Another alternative I’ve seen is strings that are not null terminated but where the allocated memory actually begins at ptr[-1] and contains the length of the string. The benefit is that you still get a char array starting at ptr[0].
This reminds me of when I had to roll my own dynamic memory allocator for an obscure platform. (Something I never want to do again!) I stuck metadata in the negative space just before the returned pointer like you say. In my case, it was complicated by the fact that you had to worry about the memory alignment of the returned pointer to make sure it works with SIMD and all that. Ugh. But I guess with strings (or at least 8-bit-encoded strings), alignment should not be an issue.

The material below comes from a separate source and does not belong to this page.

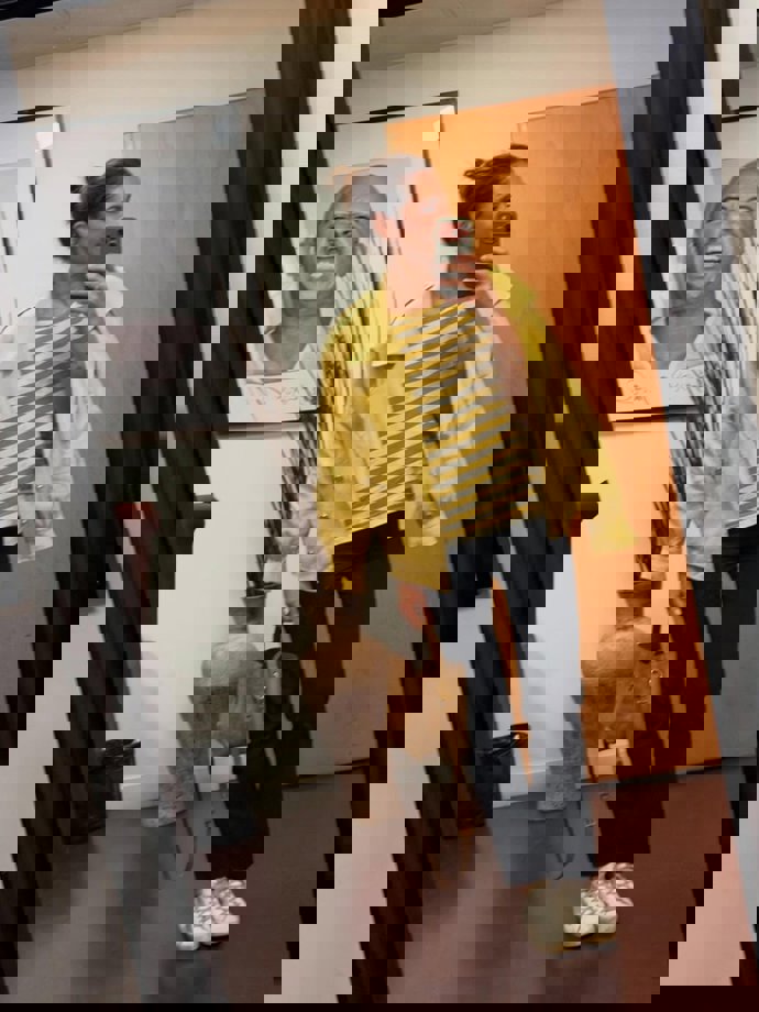 Camiseta, pantalón y chaqueta. Nada más. Un estilismo relajado, pero con matices interesantes que elevan el conjunto. Por un lado, la camiseta con cuello redondo presenta estampado a rayas blancas y amarillas; el pantalón, azul marino, es un básico de cualquier armario y la chaqueta... la chaqueta nos ha enamorado porque es tipo bomber, con manga abullonada, terminaciones en puño y maxisolapas. Como si de una parka corta se tratase.

Another alternative I’ve seen is strings that are not null terminated but where the allocated memory actually begins at ptr[-1] and contains the length of the string. The benefit is that you still get a char array starting at ptr[0].
But wouldn’t this be potentially unsafe? What programming language has this type of implementation, by the way?
Hmm I think I saw it in a C library
Edit: Might have been this one https://github.com/msteinert/bstring
Edit: actually seems it’s this one. Look at what happens to ystr_header_t https://github.com/Amaury/Ylib/blob/master/src/ystr.c
This reminds me of when I had to roll my own dynamic memory allocator for an obscure platform. (Something I never want to do again!) I stuck metadata in the negative space just before the returned pointer like you say. In my case, it was complicated by the fact that you had to worry about the memory alignment of the returned pointer to make sure it works with SIMD and all that. Ugh. But I guess with strings (or at least 8-bit-encoded strings), alignment should not be an issue.